### PROBLEM TO SOLVE
Reproduce the lines below exactly, from the one containing "Azərbaycanda Ramazan ayı başlayır" through the one containing "وأخرج جماعة منهم", both included. Leave out any pictures.

##### RECORDED INFORMATION #####

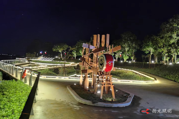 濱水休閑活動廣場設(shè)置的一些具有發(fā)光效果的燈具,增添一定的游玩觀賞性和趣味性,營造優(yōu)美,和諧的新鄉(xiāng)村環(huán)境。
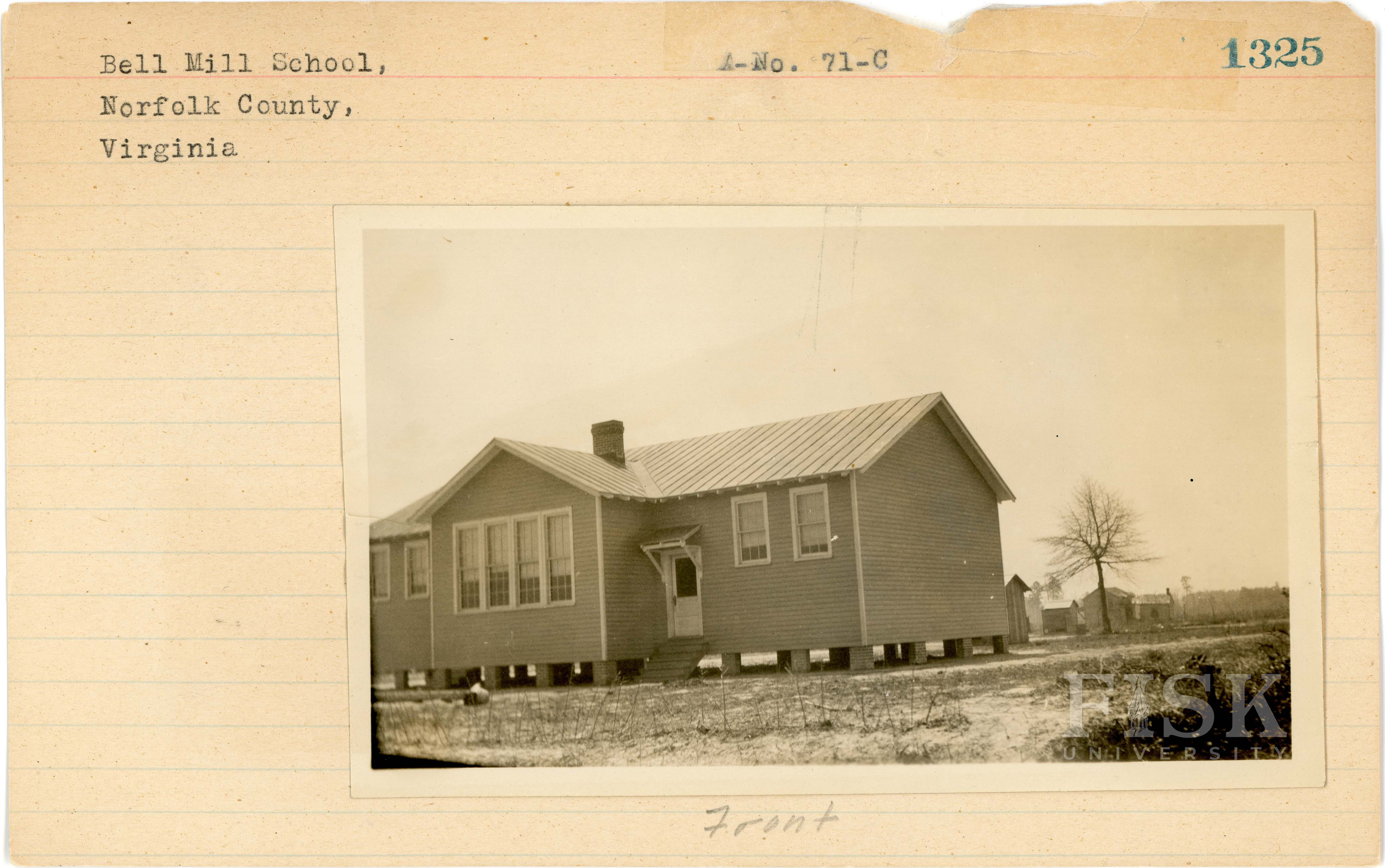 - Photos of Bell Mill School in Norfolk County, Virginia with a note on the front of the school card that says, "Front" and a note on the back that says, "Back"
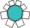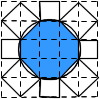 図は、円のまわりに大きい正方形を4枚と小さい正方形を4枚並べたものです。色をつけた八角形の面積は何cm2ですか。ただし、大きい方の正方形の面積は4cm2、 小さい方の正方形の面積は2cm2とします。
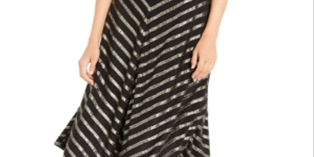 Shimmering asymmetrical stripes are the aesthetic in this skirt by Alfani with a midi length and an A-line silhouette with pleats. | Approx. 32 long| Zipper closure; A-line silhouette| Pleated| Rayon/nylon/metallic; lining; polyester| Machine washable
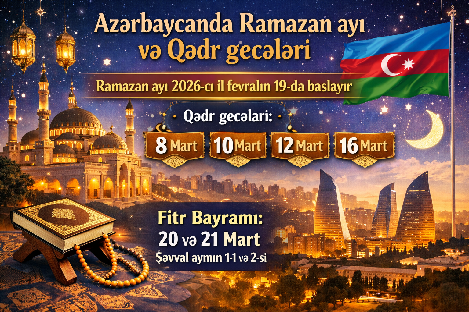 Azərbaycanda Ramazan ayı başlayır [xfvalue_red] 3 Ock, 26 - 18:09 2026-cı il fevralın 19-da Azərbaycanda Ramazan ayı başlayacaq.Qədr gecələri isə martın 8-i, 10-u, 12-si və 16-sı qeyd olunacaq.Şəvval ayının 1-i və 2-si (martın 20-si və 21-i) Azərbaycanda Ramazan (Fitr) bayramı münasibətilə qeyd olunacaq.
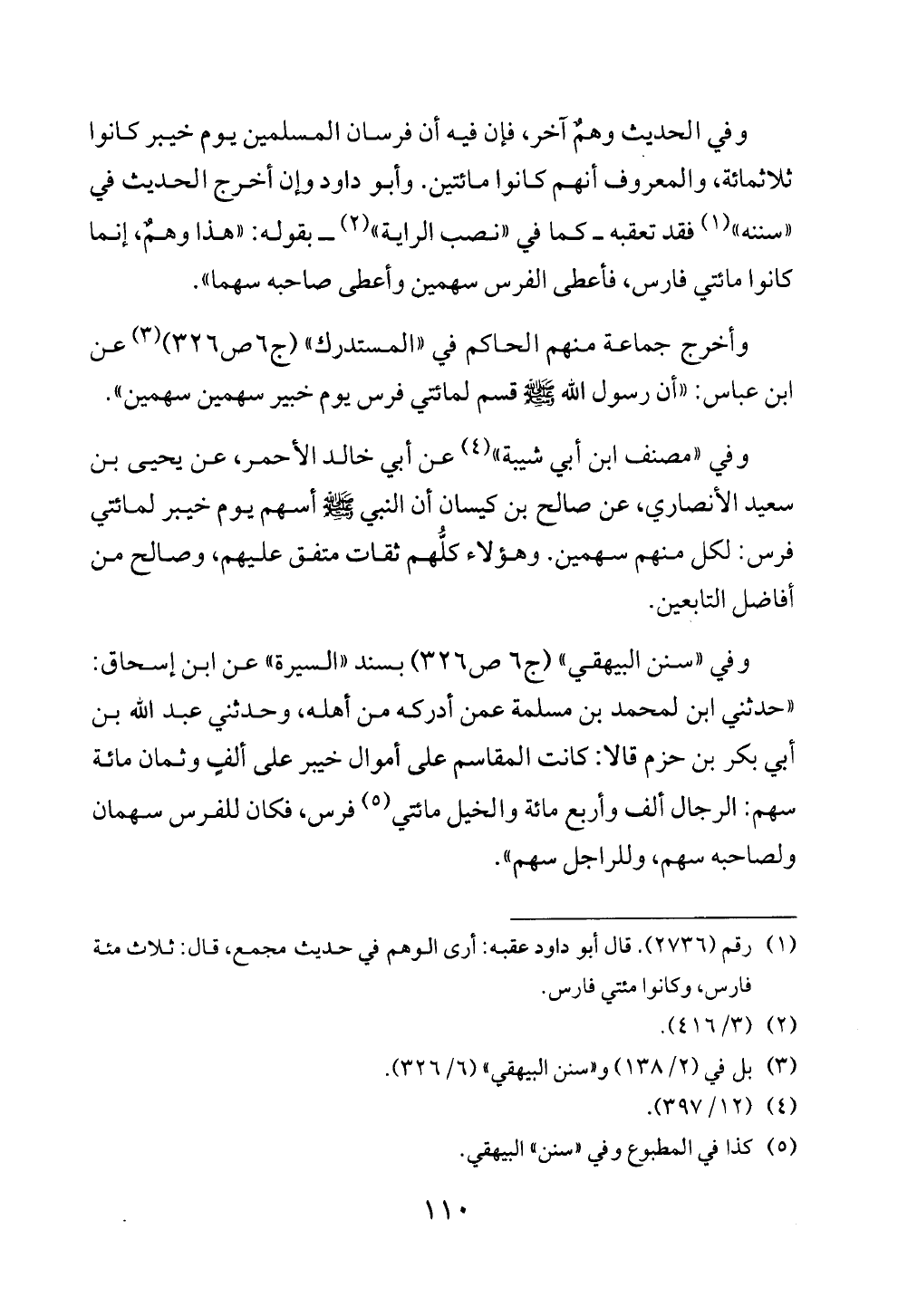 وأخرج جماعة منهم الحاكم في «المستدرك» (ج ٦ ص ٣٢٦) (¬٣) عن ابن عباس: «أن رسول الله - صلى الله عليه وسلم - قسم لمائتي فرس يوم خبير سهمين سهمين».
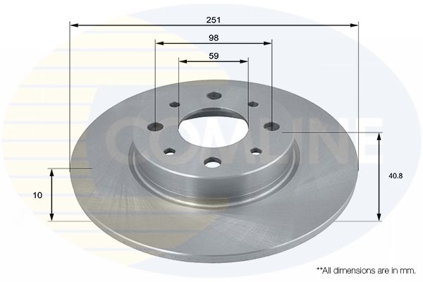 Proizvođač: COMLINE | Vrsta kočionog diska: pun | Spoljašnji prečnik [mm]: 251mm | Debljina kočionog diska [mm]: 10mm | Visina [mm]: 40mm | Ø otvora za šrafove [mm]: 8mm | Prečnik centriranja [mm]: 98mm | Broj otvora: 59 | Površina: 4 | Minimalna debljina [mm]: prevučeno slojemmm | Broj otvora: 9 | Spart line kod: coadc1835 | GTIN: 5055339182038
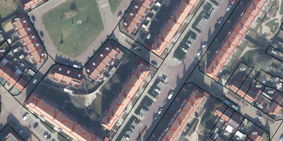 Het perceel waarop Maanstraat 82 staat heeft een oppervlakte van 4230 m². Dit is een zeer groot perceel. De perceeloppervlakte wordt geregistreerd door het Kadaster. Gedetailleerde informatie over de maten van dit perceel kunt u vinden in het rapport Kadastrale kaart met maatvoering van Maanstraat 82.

#####

### SOLUTION TO THE EXERCISE
 Azərbaycanda Ramazan ayı başlayır [xfvalue_red] 3 Ock, 26 - 18:09 2026-cı il fevralın 19-da Azərbaycanda Ramazan ayı başlayacaq.Qədr gecələri isə martın 8-i, 10-u, 12-si və 16-sı qeyd olunacaq.Şəvval ayının 1-i və 2-si (martın 20-si və 21-i) Azərbaycanda Ramazan (Fitr) bayramı münasibətilə qeyd olunacaq.
 وأخرج جماعة منهم الحاكم في «المستدرك» (ج ٦ ص ٣٢٦) (¬٣) عن ابن عباس: «أن رسول الله - صلى الله عليه وسلم - قسم لمائتي فرس يوم خبير سهمين سهمين».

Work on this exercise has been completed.